Consistent with our deference policy, we are communicating to our adjudicators that they are to accord deference to prior adjudications. Our adjudicators should rely on a previous determination that the economic methodology is reasonable when the economic methodology is presented to us in later a proceeding based on materially similar facts.

For example, if we approved a Form I-924 Regional Center Application based on a specifically-identified project, including the specific locations and industries involved, we will not revisit the determination that the economic model and underlying business plan were reasonable when adjudicating related Form I-526 petitions, Form I-485 applications, or Form I-829 petitions. If we approved an I-526 petition for an immigrant investor based on a specifically-identified project, not associated with a Regional Center, we will not revisit the determination that the business plan was reasonable when adjudicating the investor’s related I-485 or I-829 petition. If, however, the facts underlying the application of the economic methodology have materially changed, then we will conduct a fresh review of the new facts to determine whether the petitioner or applicant has complied with the requirements of the EB-5 program, including the job creation requirement.

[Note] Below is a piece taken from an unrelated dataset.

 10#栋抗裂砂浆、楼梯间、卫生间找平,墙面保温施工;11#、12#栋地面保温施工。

Let me explain as simply as possible what aspects of the tenant-occupancy RFE I agree and disagree with.

I agree with USCIS' requiring that the tenants' employees not simply be relocated employees, and our understanding is that USCIS always required this anyway, so this is not really a change in the policy. Where I disagree with USCIS is in regards to the "excess demand" or "jobs displacement" requirement, which are two sides of the same coin. It is extremely unreasonable to require a petitioner to show that there is an excess demand or the subject project is not displacing jobs from competitors in the subject region, precisely because USCIS is requiring the petitioner to evidence the broad economic market conditions in the region which often is impossible to gather data and ascertain AND moreover, which economic condition changes quickly. Simply put, the market forces do not operate this way. A business person in a real business world pursues a job-creating project because they think they can make profit, not because there is an "excess demand". USCIS is basically telling them to abandon their projects when there is no "excess demand". Also, often it's too difficult to demonstrate "excess demand" because there is not enough data and because economic condition changes too quickly.

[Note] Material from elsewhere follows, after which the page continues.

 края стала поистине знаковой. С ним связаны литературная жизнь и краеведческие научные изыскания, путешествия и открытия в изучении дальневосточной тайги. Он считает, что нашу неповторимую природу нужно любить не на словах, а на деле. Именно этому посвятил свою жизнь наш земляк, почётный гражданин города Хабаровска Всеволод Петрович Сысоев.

For example, I can make a very strong argument that Apple iPhone takes jobs away from other competitors, i.e., causes jobs displacement, because without iPhones, consumers would buy other smartphones. This "excess demand" requirement is actually counter-productive to job-creation because it prevents new projects. This "excess demand" requirement is demanding that a business person pursue a project just to comply with this "excess demand" requirement, when frankly, the business people don't give a damn about "excess demand" when they decide to pursue projects. Very simply put, this is so out of touch with the way the real business world works that I am truly surprised at this too academic interpretation -- which by the way may discourage job-creation -- suddenly taken up by USCIS.